Decker and Lucifer finally get their moment, they kiss on the beach, and from the previews at the end of the show, things look to be heating up quite nicely between the two. Charlotte will be pleased.

While all the police work, questioning of most of LA, in the form of Lucifer’s former sexual partners, and Chloe learning that Dan slept with Charlotte, goes on, Maze is eager to get credit for doing “a good deed.”

She “drops the paper” (like dropping the mic) for Chloe when the front page story is of her father’s killer being murdered by the Russian mob. Instead of Decker being happy with the result, she explains to her demon roomie that she wanted the man to rot in prison.

Later, when Maze goes to collect her bounty at the police station, she wants to celebrate with Dan, who was her ally in the Russian deal. He is not pleased and even panics when she talks about the murder in the police station.

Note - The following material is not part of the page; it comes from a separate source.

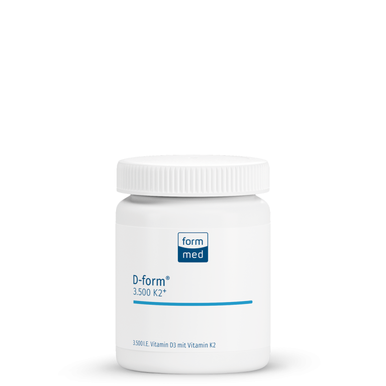 D-form® 3.500 K2+ ist mit der Dosierung von 3.500 I. E. meine Empfehlung, wenn Sie einen nachgewiesenen leichten Mangel langsam ausgleichen möchten. Die enthaltene Pantothensäure unterstützt den normalen Vitamin-D-Stoffwechsel. Für das ergänzende Vitamin K2 verwendet FormMed MK-7 (all-trans), die Unterform mit der höchsten Bioverfügbarkeit.

Maze goes to see her friend Linda for some free psychiatric advice. Dr. Martin explains to Maze that she needs to appreciate her own self worth from within and not require her friends to recognize her “awesomeness.” Mazikeen takes this to heart and when she agrees to help Chloe and Lucifer she tells her roommate that “awesomeness comes from within b*tches.”

Between Maze’s quest for praise, and her near rage at not getting it, and her glee at beating up the suspect in the sting, “Can I keep him?” Mazikeen provided some quality levity to the proceeds and managed to show some character evolvement in the process.

It has always been just a matter of time before Decker and Lucifer “connected” and this takes the two one step closer to having the sexual congress that Morningstar has always yearned for.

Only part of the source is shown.